Exactly the lines from the start of the data below through the line that contains "comedor 6 sillas" are to be copied, with pictures left out.

┌─ Dataset extract

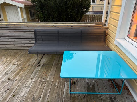 1 000 krFermob Bord och soffa (Ellipse, 3-sits) i metallblått respektive svartUppsala1 dagLägg till i favoriter.
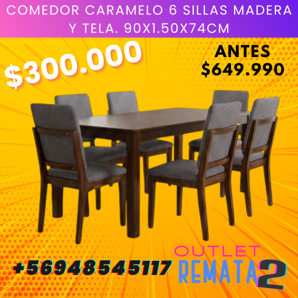 comedor 6 sillas caramelo madera y tela 90X1.50X74CM
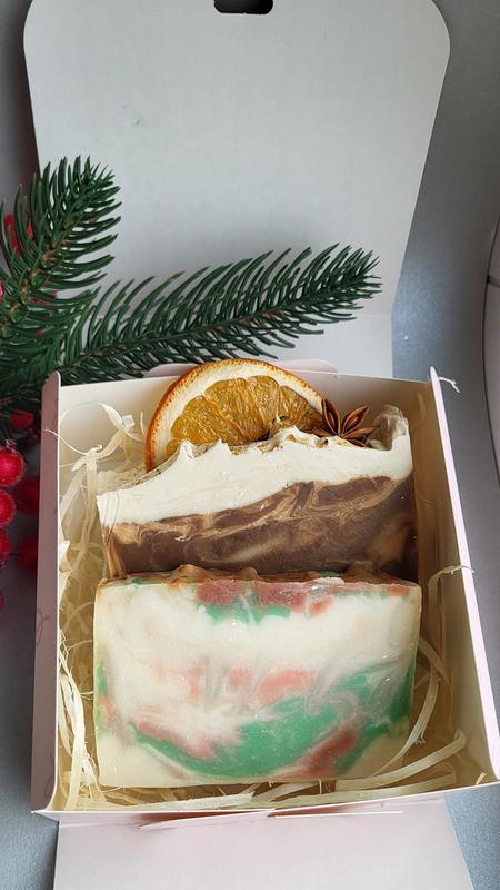 Натуральне мило – це маленька турбота про себе щодня. Воно дбайливо очищує шкіру, зберігаючи її м’якість і природний баланс. У кожному шматочку – тільки натуральні інгредієнти та легкий аромат природи. Простий спосіб додати щирості та тепла у ваші щоденні ритуали В наборі мило 2 сортів: 1. Натуральне мило Медове 🔸Склад: омилені олії кокосова, оливкова, рицинова, пальмова, авокадо, какао, ши, лужний розчин на деоанізованній воді, молочна кислота, цитрат натрію для запобігання прогоркання олій, мед, деоксид тітану (натуральний барвник), косметична міка американського виробництва, американська парфумована олія, декор дольки сушеного апельсину, бад'ян, кориця, гвоздика, глітер Запах : Різдвяний настрій • Верхні ноти: лимон, апельсин, грейпфрут, яблуко. • Середні ноти: гвоздика, кориця, кора касії, кардамон, імбир, морква, мускатний горіх. • Базові ноти: ваніль, клен, вершковий крем. 2. Натуральне мило Шовкове 🔸 Склад: омилені олії кокосова, оливкова, рицинова, солодкого мигдаля, пальмоіа, ши, лужний розчин на деоанізованній воді, кокони шовкопряда, молочна кислота, цитрат натрію, деоксид тітану (натуральний барвник), зелена та червона міка, американська парфумована олія Запах : Ельф • Верхні ноти: апельсин, лимон, газована вода. • Середні ноти: евкаліпт, м'ята, кориця, гвоздика. • Базові ноти: ваніль, мускус. 🔸Вага шматочкiв: ~100 г 🎁 Пакування у подарункову коробку Ціна: 270 грн
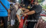 Calon pembeli mengukur celana sekolah untuk anaknya di Pasar Mester Jatinegara, Jakarta, Rabu (5/1). Menurut pedagang, penjualan seragam sekolah mengalami peningkatan setelah seluruh sekolah di DKI Jakarta melaksanakan pembelajaran tatap muka (PTM) berkapasitas 100 persen dengan menerapkan protokol kesehatan Covid-19. Republika/Putra M. Akbar (FOTO : Republika/Putra M. Akbar)
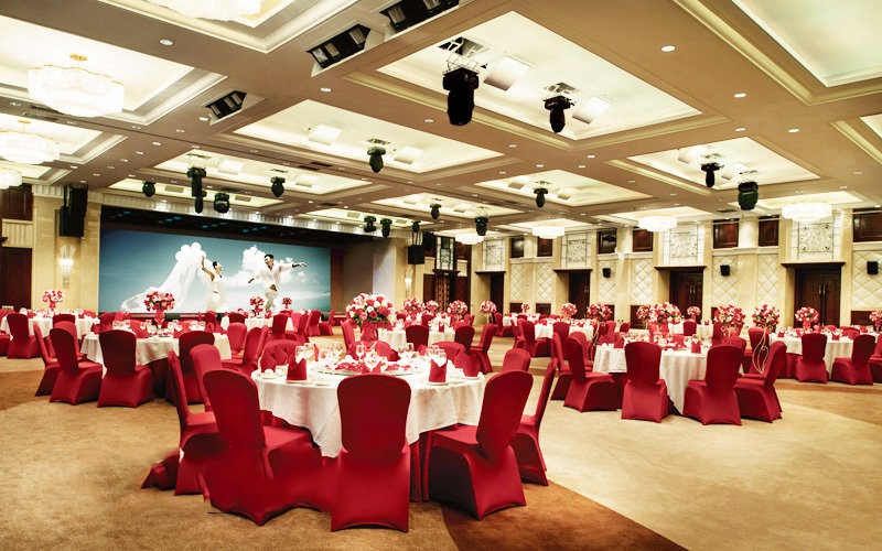 婚宴厅舞台的位置和布置是整场婚宴的重中之重,因为场地形状的不同,舞台的安放位置自然也不同。如果是椭圆形场地,我们就可以把舞台的位置设定在杂圆弧的位置;如果是三角形的场地,我们就可以把舞台设定在它钝角的位置,这样整个场地就会看起来特别的开阔。
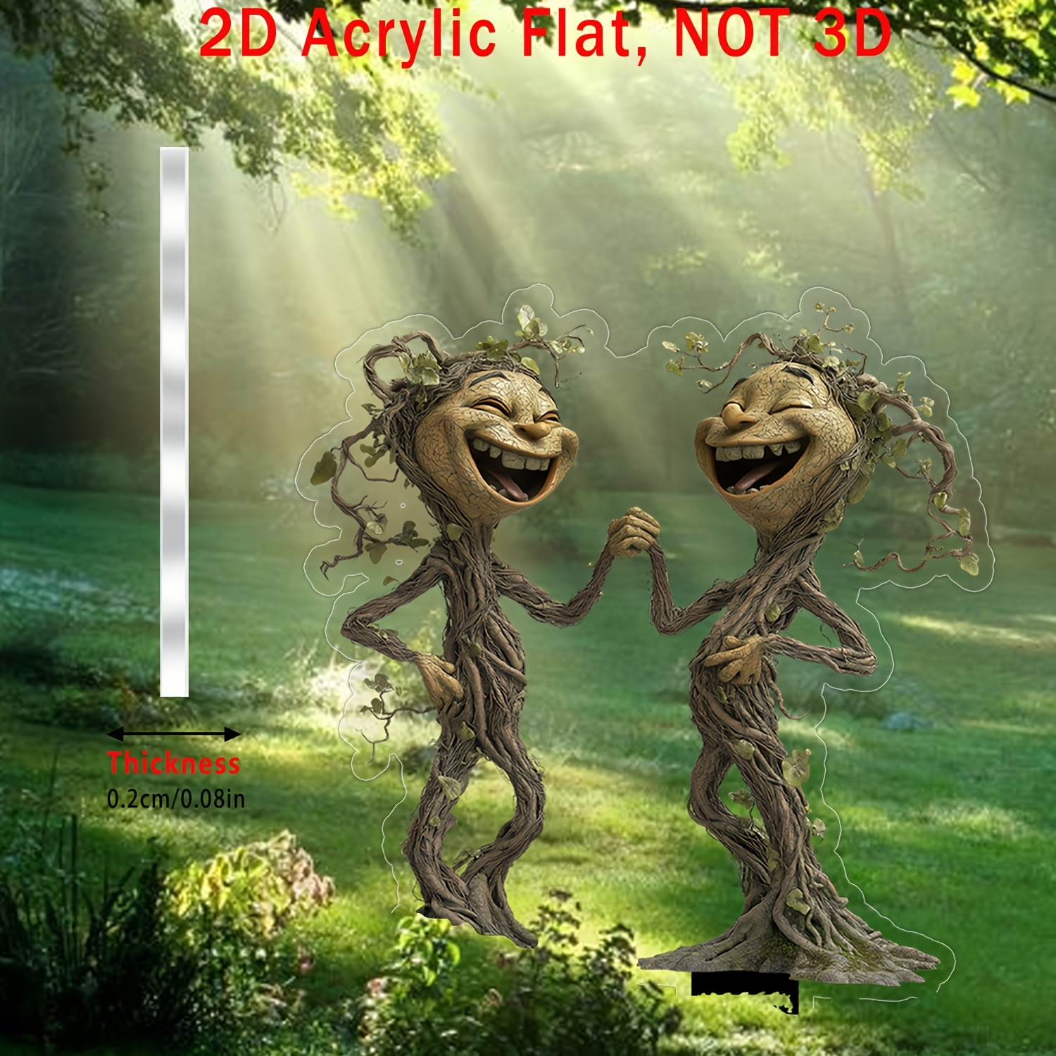 1 個 2D アクリルフラットプリント面白いダブルツリーエルフ装飾ロゴ屋外ガーデンインサート用

└─

**Exercise result**
 1 000 krFermob Bord och soffa (Ellipse, 3-sits) i metallblått respektive svartUppsala1 dagLägg till i favoriter.
 comedor 6 sillas caramelo madera y tela 90X1.50X74CM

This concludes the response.